**Task item**
Would you copy, word for word, each line from the one with "霍尔木兹海峡持续封锁,全球能" to the end of the listing below, skipping all pictures?

**Material for this exercise**
━━━━━━━━

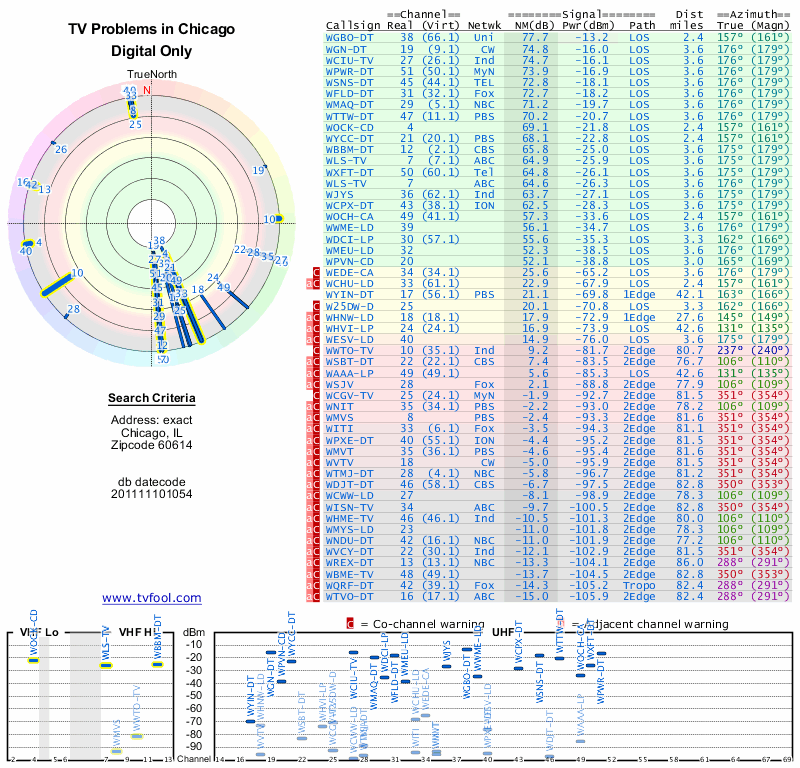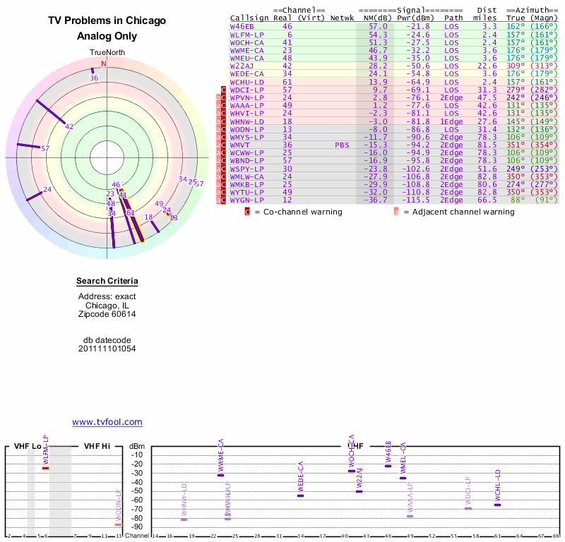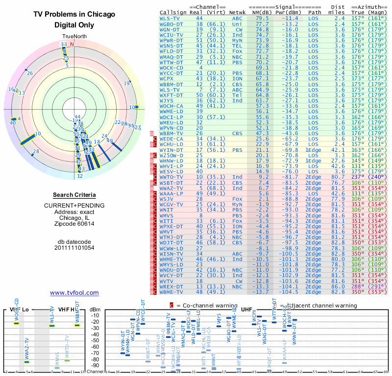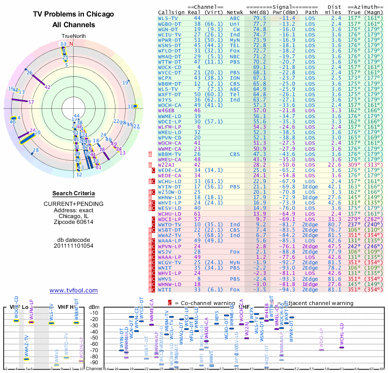 Here are the results for your location. The transmitter database was last updated on June 7, 2013. For more information about these plots and how to interpret them, please check out the Signal Analysis FAQ.
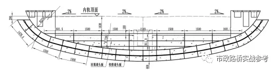 模板台车施工:二衬采用定制二衬台车施工,根据设计图纸要求,二衬每版12m,本隧道台车长度选用12.1m(搭接部分长10cm)。台车横坡调节采用在主油缸底部设置加高块的方式。
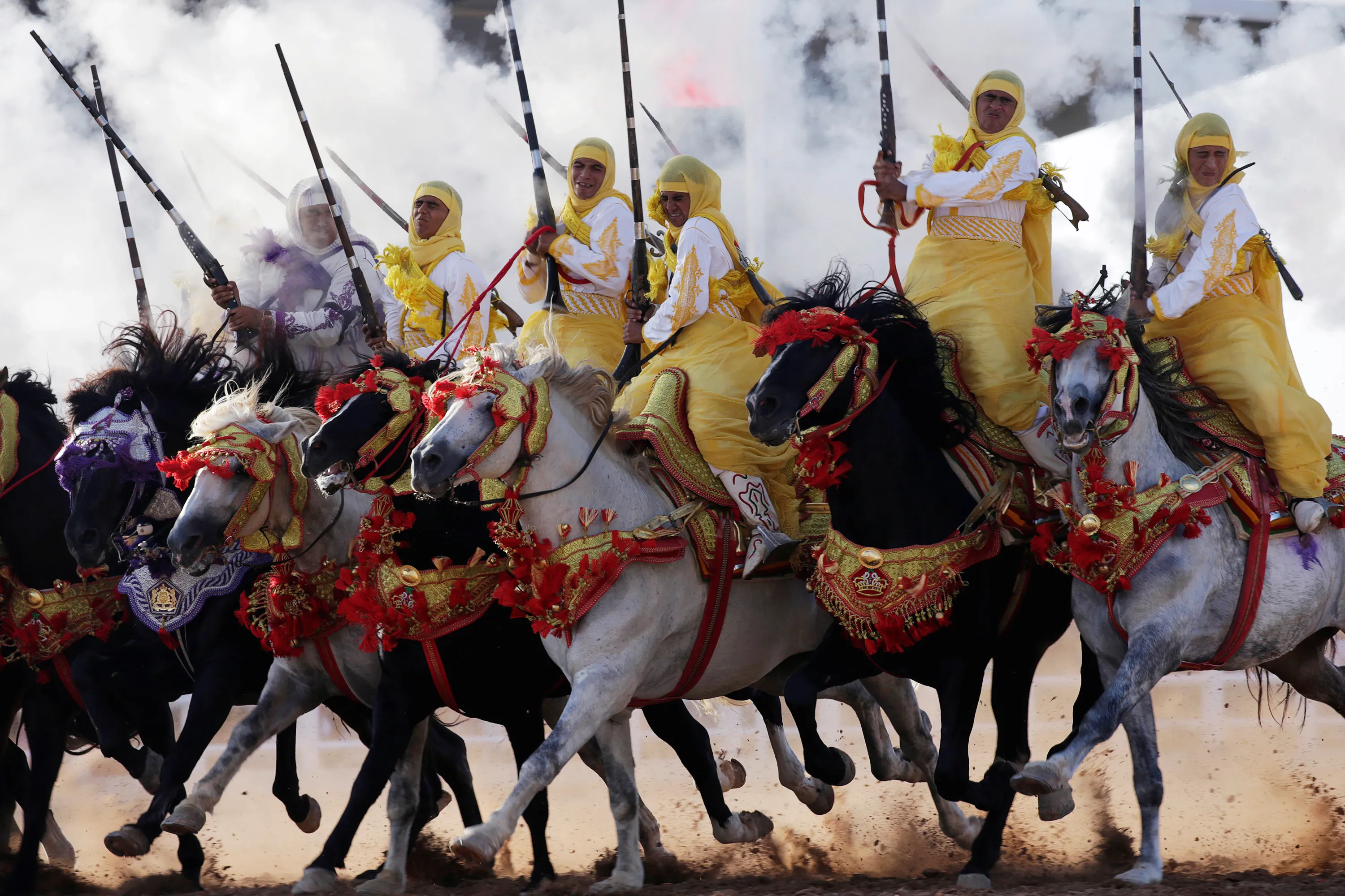 Horse riders perform with guns during the El-Jadida International Horse Show in El-Jadida, south of Casablanca October 21, 2017. (Photo by Youssef Boudlal/Reuters)
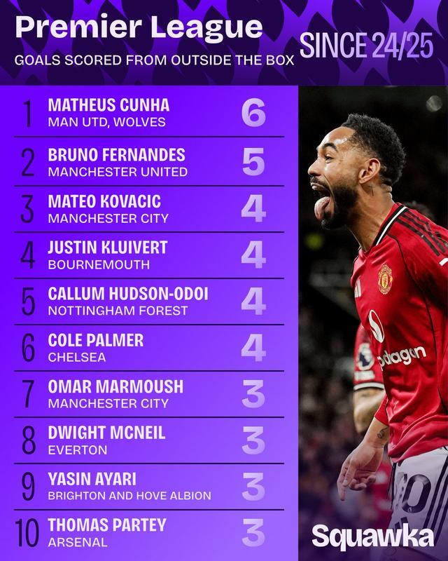 北京时间10月26日,知名数据平台Squawka列出了自上赛季以来,在英超联赛中禁区外进球最多的球员。库尼亚6球领跑榜单,B费5球位居第二,科瓦契奇4球第三。2024/25赛季以来禁区外进球
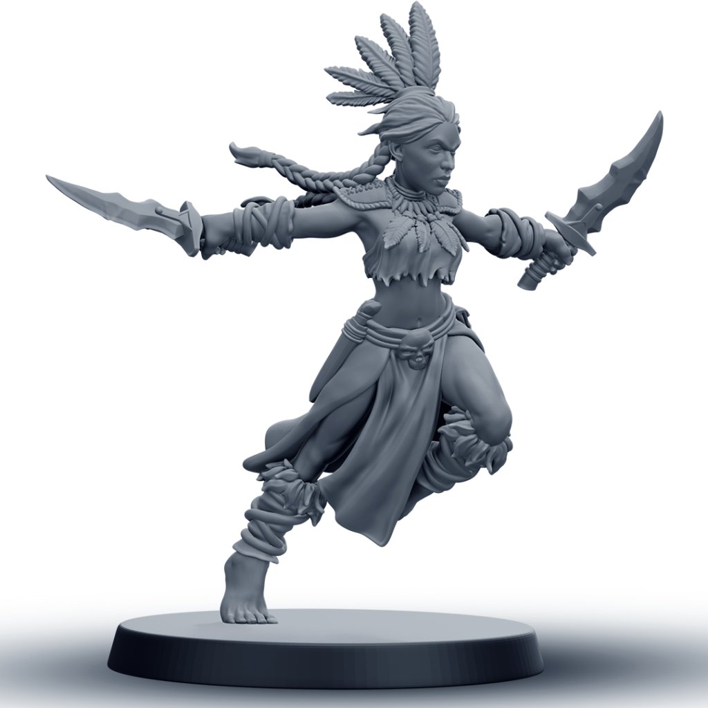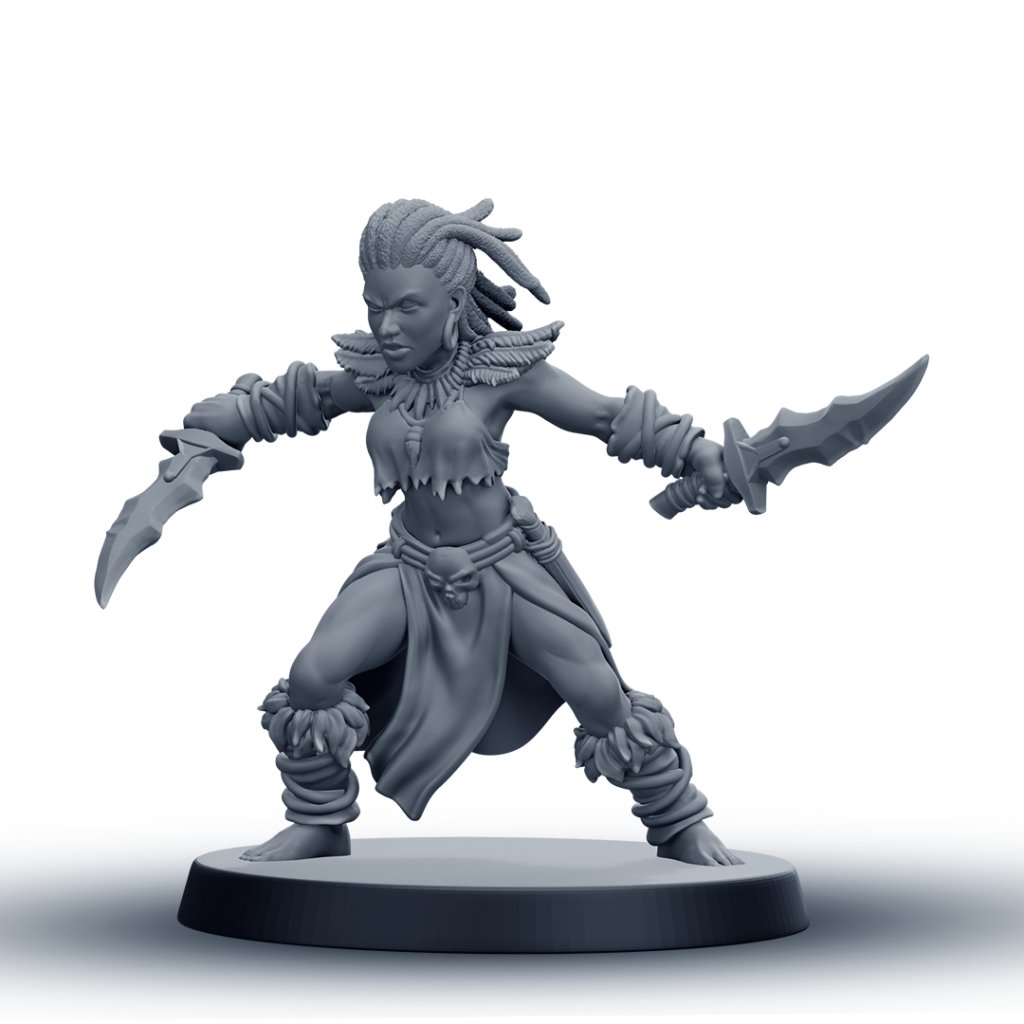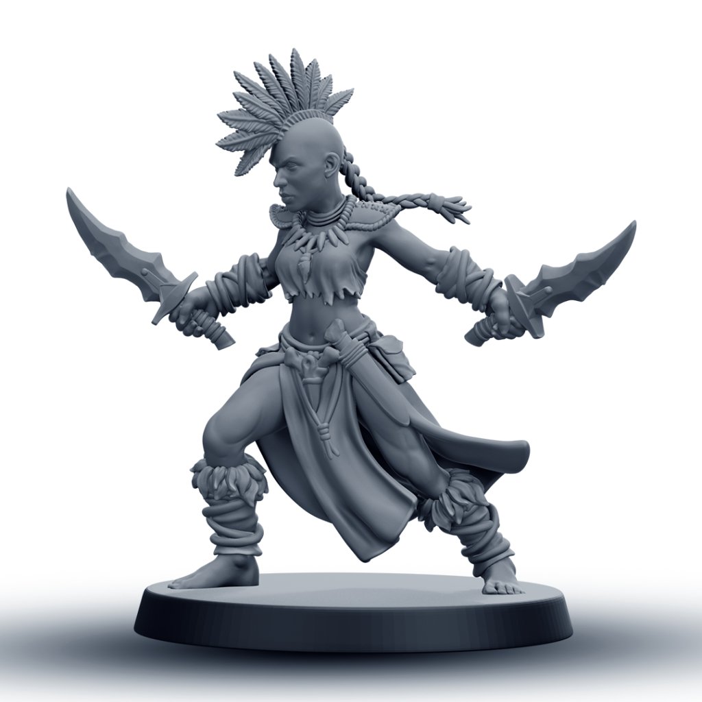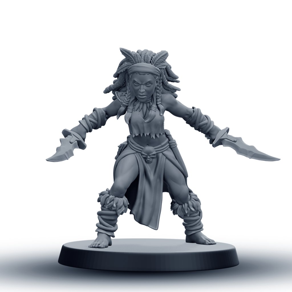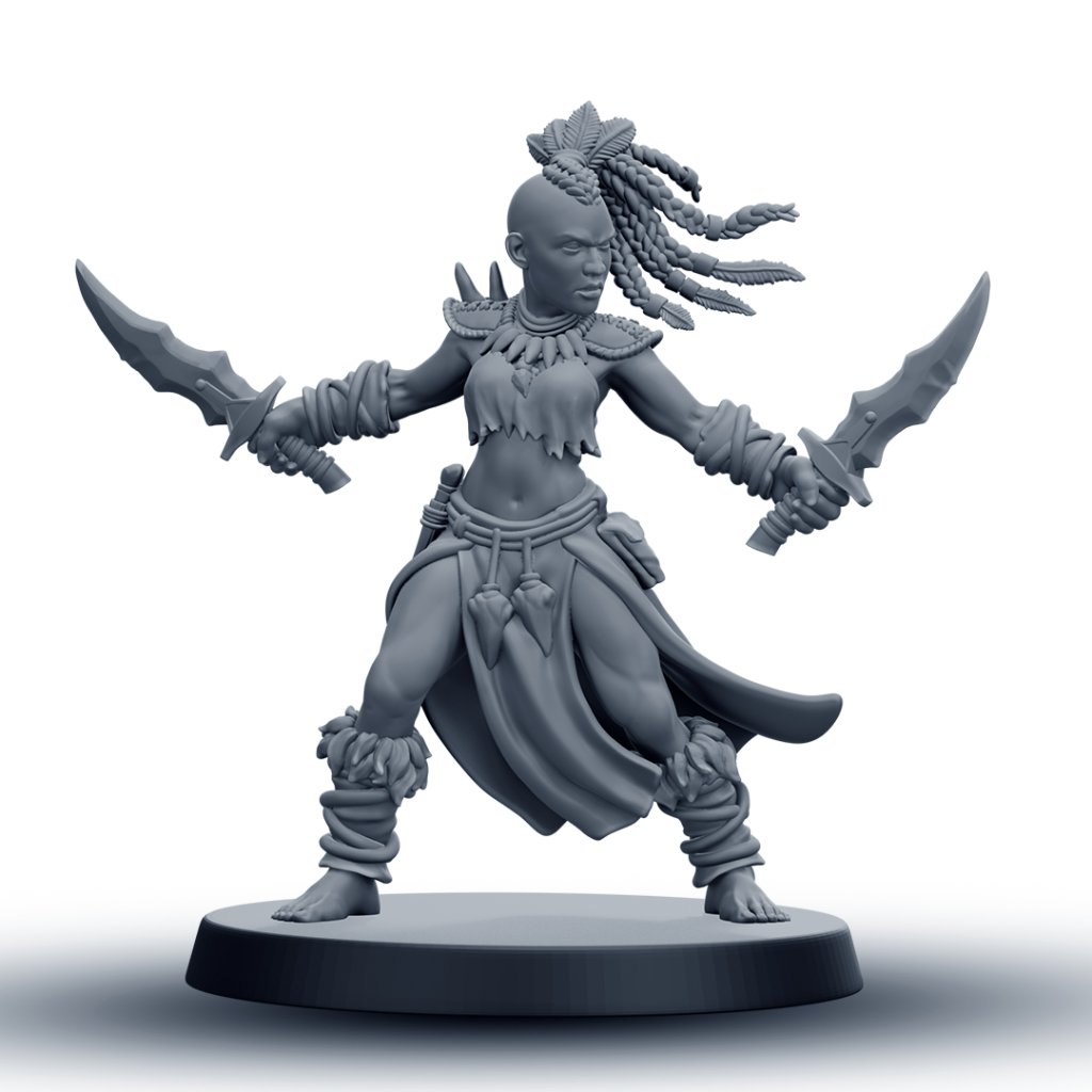 Tato detailně zpracovaná RPG miniatura amazonské bojovnice je vhodná jako hráčská postava, NPC nebo součást jednotky. Model je dostupný v 6 různých variantách, které umožňují sestavit vizuálně rozmanitou skupinu pro fantasy nebo skirmish hry.
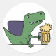 Adesivo Redondo Engraçado Bebendo de Dinossauro Verde T-Rex Beer
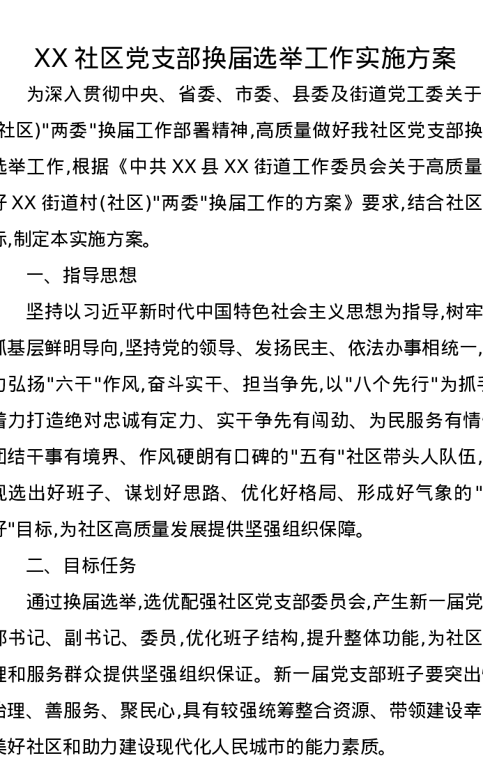 XX社区党支部换届选举工作实施方案
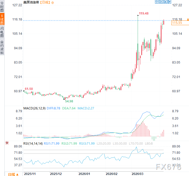 霍尔木兹海峡持续封锁,全球能源风险高企,周二(4月7日)亚市时段,美原油价格震荡上行,现交投于每桶115.30美元附近,日内涨幅约2.55%,此前一度触及116.56美元的近一个月高点。
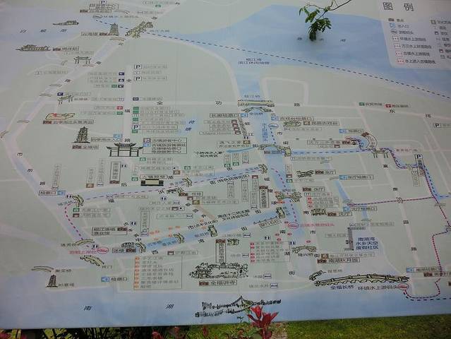 1、 周庄图解与水上看周庄:游客们在码头乘坐游船,穿过周庄大桥,在湖中围绕周庄游览半周,在南湖码头上岸,从南湖秋月圆起,开始整体游览周庄。

━━━━━━━━

**Exercise solution**
 霍尔木兹海峡持续封锁,全球能源风险高企,周二(4月7日)亚市时段,美原油价格震荡上行,现交投于每桶115.30美元附近,日内涨幅约2.55%,此前一度触及116.56美元的近一个月高点。
 1、 周庄图解与水上看周庄:游客们在码头乘坐游船,穿过周庄大桥,在湖中围绕周庄游览半周,在南湖码头上岸,从南湖秋月圆起,开始整体游览周庄。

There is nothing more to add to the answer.